Activity — Please give the lines below again exactly as they stand, from the one that contains "Blue Buffalo Wilderness" up to and including the one that contains "This double-strand bracelet", leaving all pictures out.

Source data —

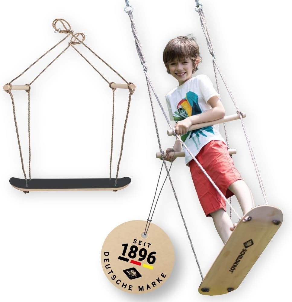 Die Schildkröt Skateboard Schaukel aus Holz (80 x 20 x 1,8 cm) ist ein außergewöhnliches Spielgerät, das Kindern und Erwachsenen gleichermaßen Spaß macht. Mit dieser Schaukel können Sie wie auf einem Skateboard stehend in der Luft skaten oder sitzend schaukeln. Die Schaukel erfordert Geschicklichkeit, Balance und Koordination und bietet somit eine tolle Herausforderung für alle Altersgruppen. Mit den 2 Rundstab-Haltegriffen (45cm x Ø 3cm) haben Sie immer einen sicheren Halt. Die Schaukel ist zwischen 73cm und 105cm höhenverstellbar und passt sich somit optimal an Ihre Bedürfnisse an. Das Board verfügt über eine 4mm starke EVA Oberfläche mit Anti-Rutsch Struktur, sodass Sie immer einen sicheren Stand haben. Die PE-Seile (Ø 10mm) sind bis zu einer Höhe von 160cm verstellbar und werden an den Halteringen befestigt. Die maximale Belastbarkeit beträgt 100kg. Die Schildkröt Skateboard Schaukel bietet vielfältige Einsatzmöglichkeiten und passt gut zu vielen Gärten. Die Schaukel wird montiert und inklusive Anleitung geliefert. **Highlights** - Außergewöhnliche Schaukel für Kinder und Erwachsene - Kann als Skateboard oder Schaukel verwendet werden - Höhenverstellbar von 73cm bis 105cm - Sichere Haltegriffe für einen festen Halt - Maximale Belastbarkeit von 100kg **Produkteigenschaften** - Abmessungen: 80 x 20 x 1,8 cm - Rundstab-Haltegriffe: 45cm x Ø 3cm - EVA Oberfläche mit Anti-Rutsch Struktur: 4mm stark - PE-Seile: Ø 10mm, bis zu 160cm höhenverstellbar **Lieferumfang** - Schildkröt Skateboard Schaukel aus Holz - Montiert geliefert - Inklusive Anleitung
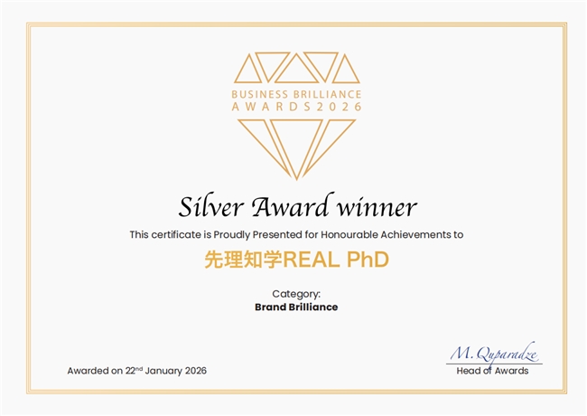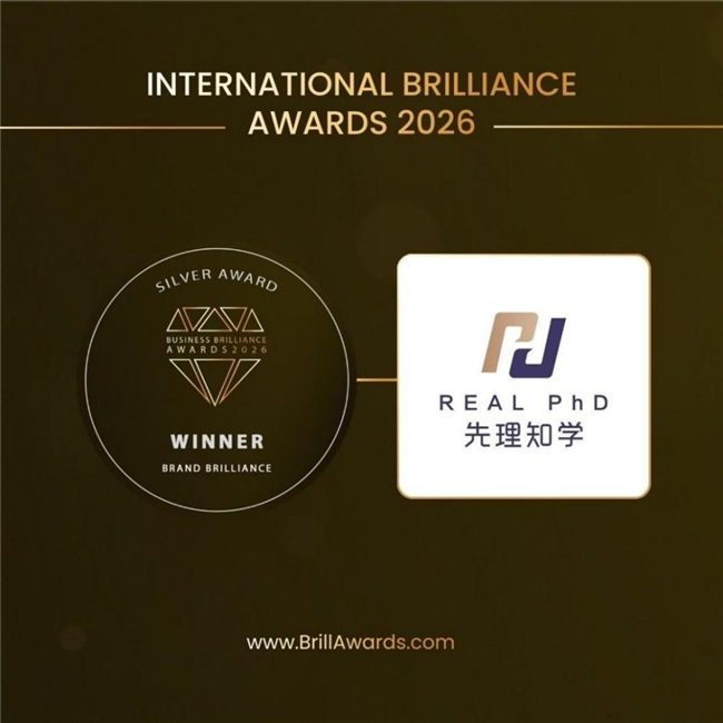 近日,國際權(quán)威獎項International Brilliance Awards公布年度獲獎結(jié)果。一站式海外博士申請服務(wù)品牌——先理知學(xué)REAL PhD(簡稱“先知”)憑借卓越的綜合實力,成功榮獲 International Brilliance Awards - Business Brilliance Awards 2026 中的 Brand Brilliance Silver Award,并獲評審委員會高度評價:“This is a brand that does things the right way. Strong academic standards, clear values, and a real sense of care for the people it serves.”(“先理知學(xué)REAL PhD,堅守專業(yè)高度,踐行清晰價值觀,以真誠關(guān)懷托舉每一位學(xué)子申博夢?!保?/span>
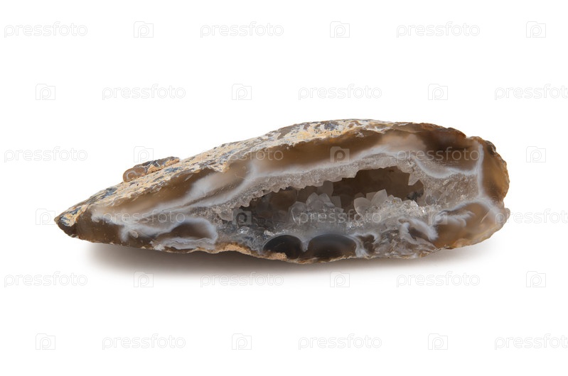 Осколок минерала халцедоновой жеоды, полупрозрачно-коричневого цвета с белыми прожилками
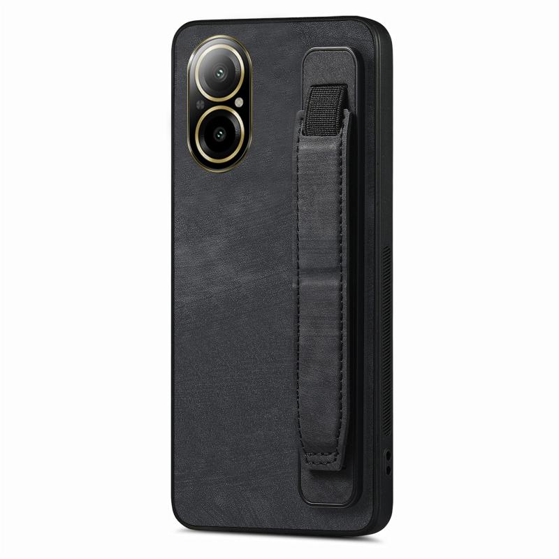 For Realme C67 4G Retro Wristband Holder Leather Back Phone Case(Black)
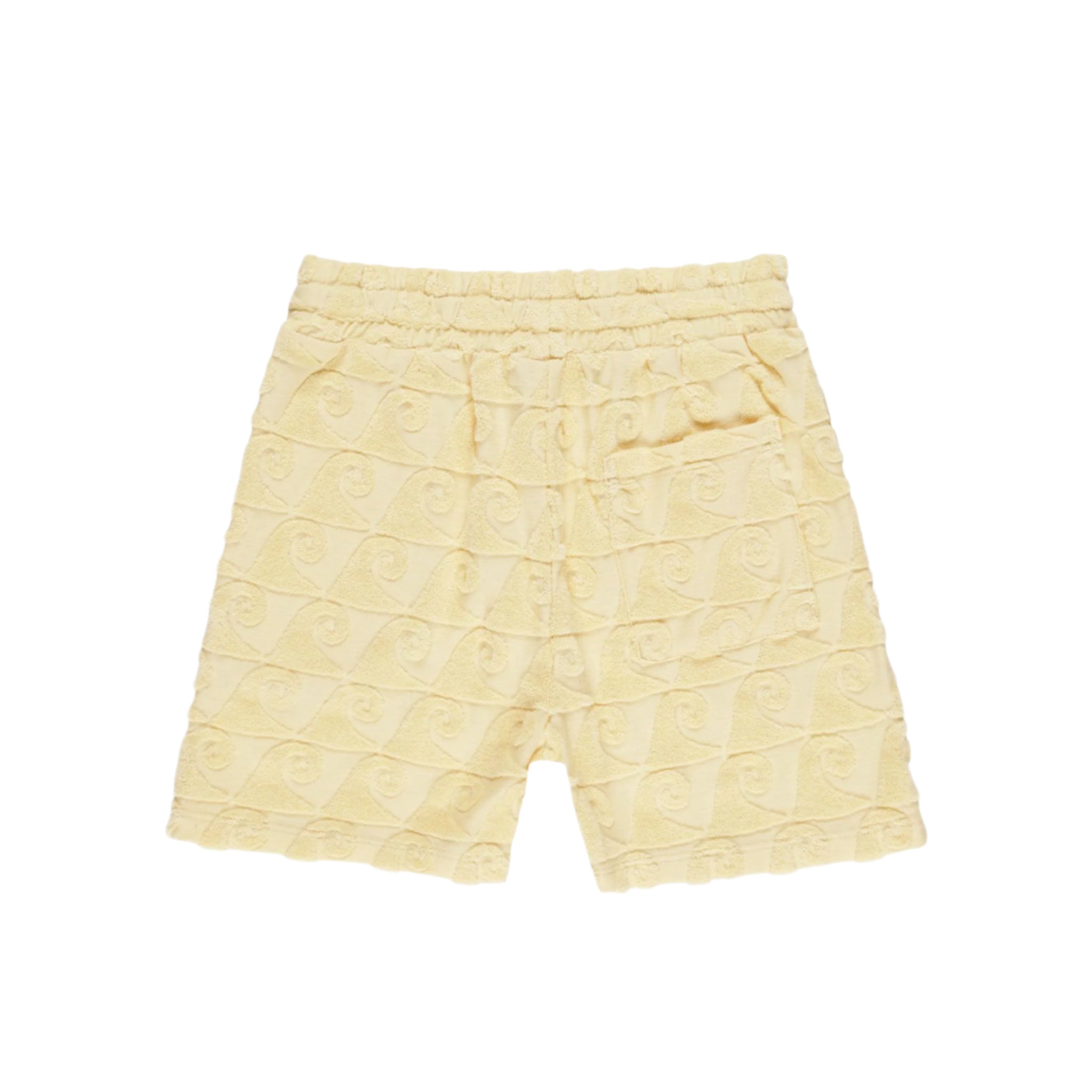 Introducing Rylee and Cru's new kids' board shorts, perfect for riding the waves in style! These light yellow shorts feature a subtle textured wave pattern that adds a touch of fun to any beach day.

---

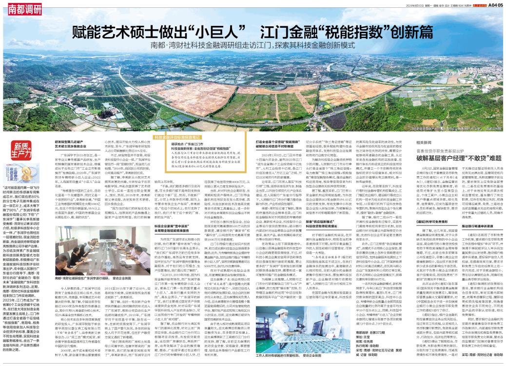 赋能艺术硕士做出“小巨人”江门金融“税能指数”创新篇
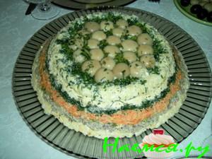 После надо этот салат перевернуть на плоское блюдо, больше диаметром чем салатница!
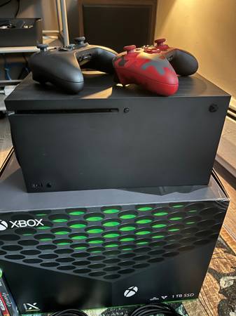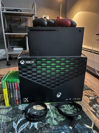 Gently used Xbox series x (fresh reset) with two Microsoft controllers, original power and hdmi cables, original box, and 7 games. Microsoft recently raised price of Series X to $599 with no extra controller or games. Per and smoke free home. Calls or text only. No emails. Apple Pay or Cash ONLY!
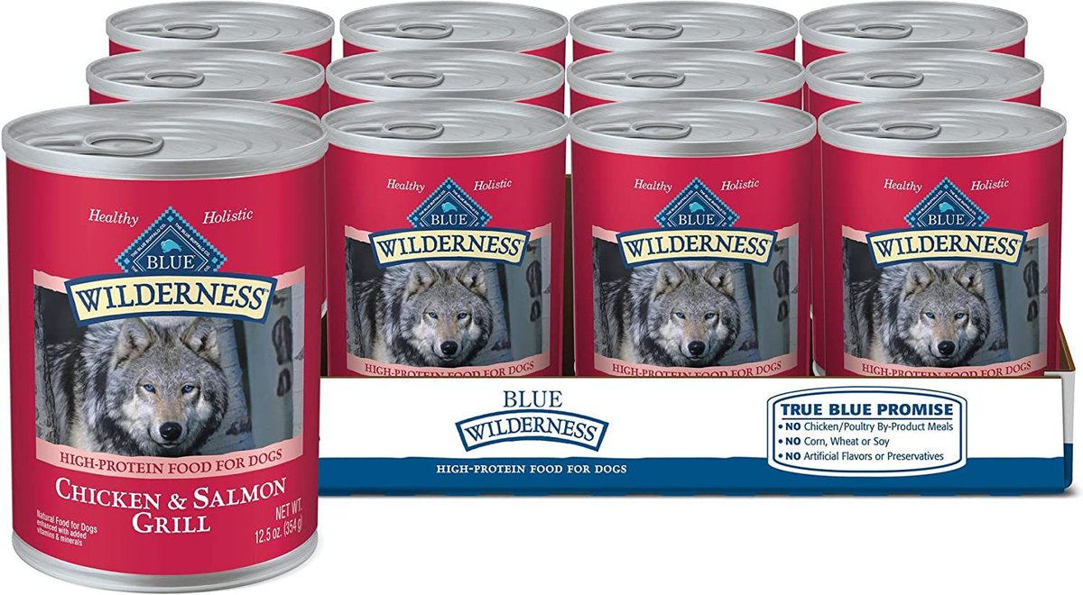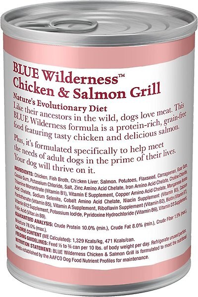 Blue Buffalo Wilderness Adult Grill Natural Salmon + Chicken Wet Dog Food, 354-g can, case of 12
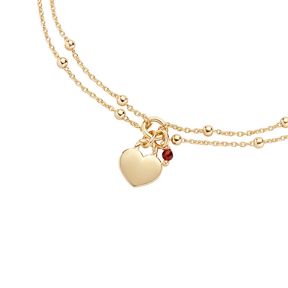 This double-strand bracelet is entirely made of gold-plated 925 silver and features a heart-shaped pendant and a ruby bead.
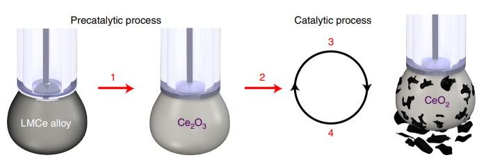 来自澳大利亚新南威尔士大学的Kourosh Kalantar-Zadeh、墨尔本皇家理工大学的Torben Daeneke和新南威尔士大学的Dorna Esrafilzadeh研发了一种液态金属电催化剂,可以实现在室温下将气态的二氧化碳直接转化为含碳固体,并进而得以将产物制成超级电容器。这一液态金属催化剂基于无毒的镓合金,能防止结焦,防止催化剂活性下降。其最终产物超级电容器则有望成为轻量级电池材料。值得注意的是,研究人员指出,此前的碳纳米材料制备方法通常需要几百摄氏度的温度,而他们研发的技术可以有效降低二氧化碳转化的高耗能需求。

Response to this task —
 Blue Buffalo Wilderness Adult Grill Natural Salmon + Chicken Wet Dog Food, 354-g can, case of 12
 This double-strand bracelet is entirely made of gold-plated 925 silver and features a heart-shaped pendant and a ruby bead.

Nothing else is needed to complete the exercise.